Mientras la droga le hacía efecto, recordó todo, en un flash back se le vinieron los recuerdos a la cabeza, su familia, sí, su familia la había dejado ahí, abandonada, no, mejor dicho, por alguna razón de suma importancia habían decidido mantenerla encerrada, ¿Qué me sucede? – Creía gritar – pero no podía proferir sonido alguno.
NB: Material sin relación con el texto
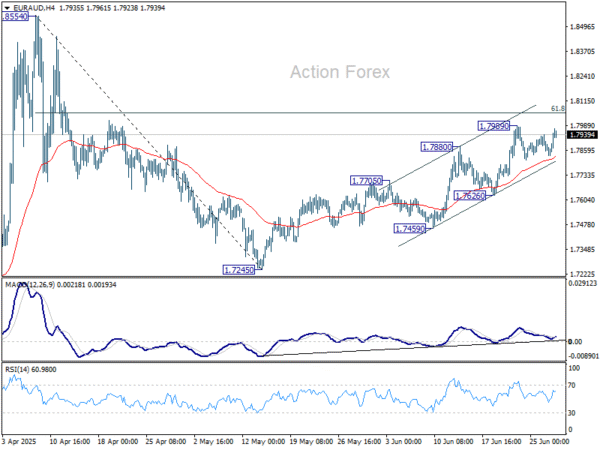 EUR/AUD edged higher to 1.7989 last week but turned sideway since then. Initial bias stays neutral this week first, and further rally is expected as long as 1.7626 support holds. Above 1.7989 will target 61.8% retracement of 1.8554 to 1.7245 at 1.8054. Sustained break there will pave the way to 1.8554.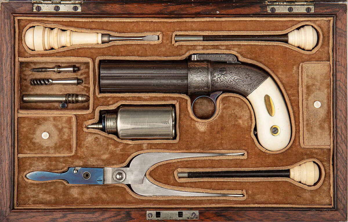 - Title: Cased Six-Barreled Revolving Percussion Pistol ("Pepperbox")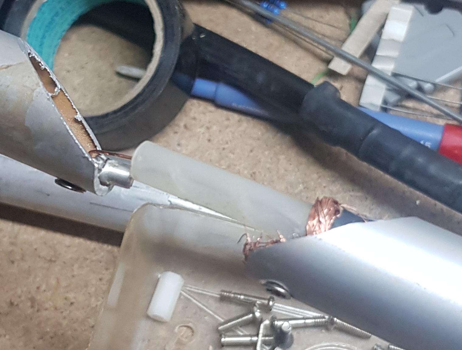 So after finding the correct length, I had to thread it back into the dipole and attach the braid to the top element and the centre conductor to the bottom element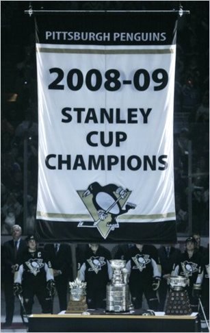The banner, with black letters against a white backdrop with Vegas gold trim, simply reads: "Pittsburgh Penguins. 2008-09 Stanley Cup Champions," and it's adorned with their skating Penguin logo. It soon will accompany the pair marking their back-to-back championships in 1990-91 and 1991-92.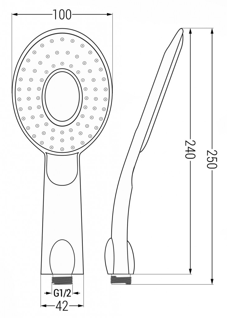 Plastová ruční sprcha od výrobce MEXEN R-73, kulatého tvaru s jednou funkcí a standardním připojením G 1/2". Rozměry: výška: 240 mm, průměr hlavy: 100 mm. Opatřená je povrchovou úpravou v různých barevných variantách.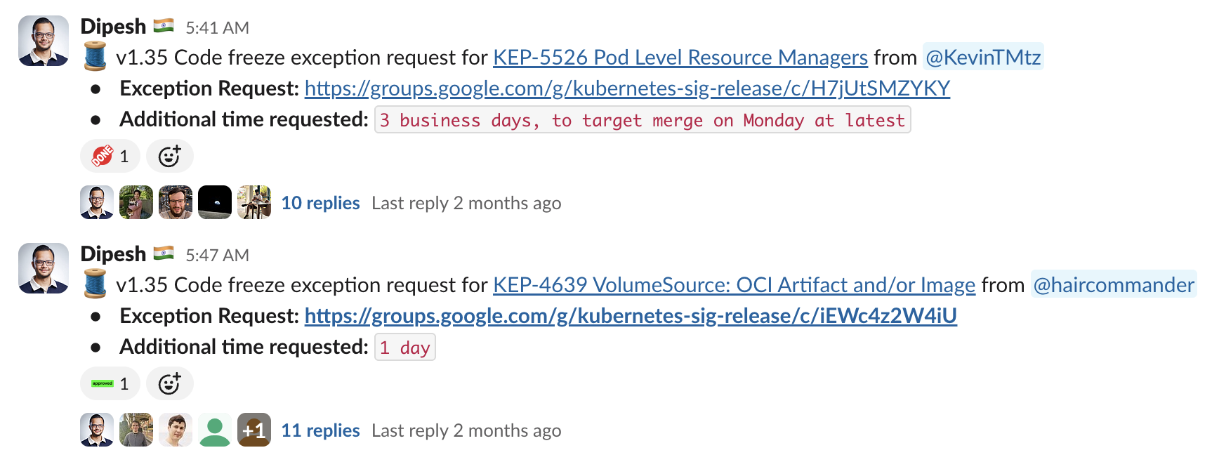 Exception 請求會傳到 Release Lead 團隊,同時該請求的 SIG Lead 也要附議,Release Lead 團隊會評估時程、進度等,給予 APPROVING 或 REJECTING。

Con calma decidió pensar y razonar, “Si estoy aquí, debe ser por algún motivo demasiado relevante” Y con justa razón, las imágenes lo decían todo, ella vestida con el mismo kimono que llevaba puesto, mantenía en sus brazos lo que parecía un bebé, lo acariciaba con serenidad y con una aletargada sorna que la hacía parecer tortuga.
¡Su bebé, sí, éso era! “¿Dónde había quedado? ¿Qué habían hecho con él? - Las lágrimas brotaban de sus ojos, su cara se bañaba en ese fuerte torrente que empezaba a mostrar los estragos que producía en el maquillaje y en su rostro opaco y triste.